Variables in the dataset include:

• BASE DAMAGE ($): Estimated damage from the storm in the United States in the year the storm made landfall.

• CURRENT DAMAGE ($ 2021): Estimated damage from the storm if the storm struck in 2021. Current damage adjusts base damage for inflation, as well as changes in

coastal population and changes in the value of coastal property.

• DAMAGE RANK: Ordinal ranking based on current damage.

• CATEGORY AT LANDFALL: Category on the Saffir-Simpson hurricane scale when the storm made landfall in the United States

(http://www.nhc.noaa.gov/aboutsshws.php). Note: “TS” denotes a hurricane that made landfall as a tropical storm.

• WINDS AT LANDFALL: Maximum sustained wind speed when the storm made landfall on the United States.

(a) Major hurricanes are classified as Category 3, 4 or 5 hurricanes and are considered especially dangerous. How much damage should we expect if a major hurricane makes landfall in the U.S.? (Note this includes all damage done by a given storm, including 2nd landings.)

(b) If we use the hurricanes from 1900-2017 as a guide, how many hurricanes should we expect in the coming year? How much damage should we expect nationwide? (Hint: first create a table that sums the number of hurricanes and hurricane damage by year)

(c) Using the past as a guide, plot the distribution of hurricane damage that might hit in the upcoming seasons. You should do this separately for each of the three regions.

QUESTION 4 – Airbag Risk

You are an analyst in the risk modelling department at Tesla.

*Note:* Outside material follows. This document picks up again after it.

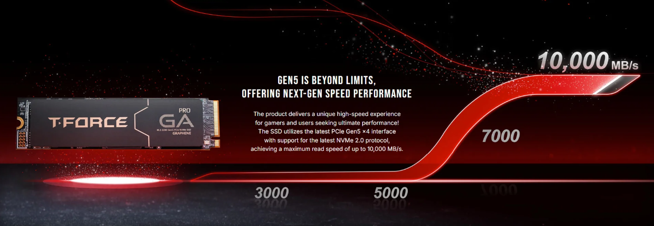 TeamGroup T-Force GA Pro M.2 PCIe Gen5 NVMe SSD 1TB | 10,000MB/s Read / Graphene Heat Sink | itw

The director of production recently identified a serious flaw in their manufacturing processes that has resulted in cars shipping with faulty airbags over the last month.

During the last month, the factory produced only two types of cars: the Model S (40% of all cars shipped) and the Model Y (60% of all cars shipped). The director of production believes that only a quarter of all cars shipped had a faulty airbag installed, but that the specific nature of the assembly process implies that whether a faulty airbag appears in a Model S or Model Y car is completely random.

(a) Create a two-by-two table that describes the joint (and marginal) probability distribution of Tesla car models and faulty airbags.

(b) It just so happens that Prof Bruhn bought a Model S last month. What is the probability he has a faulty airbag?

QUESTION 5 – European Parliament

At the end of May 2019, voters across Europe selected 751 Members of the European Parliaments (MEPs) to serve a 5-year term. Although there are many different specific parties, the MEPs exist in several political blocs. Consider the following table showing the distribution of MEPs by political bloc and region of origin.

	Conservative	Social Dem.	Liberal	Populist	Other
Northwest	112	131	76	58	5
South	74	65	10	58	9
East	93	34	19	0	7

(a) What is the probability that an MEP hails from Easter Europe and identifies with the Social Dem. block?

(b) What is the probability that a populist MEP comes from the Northwest?

(d) Suppose you call 4 random MEPs from the liberal block. What is the probability at least one of them is from the South?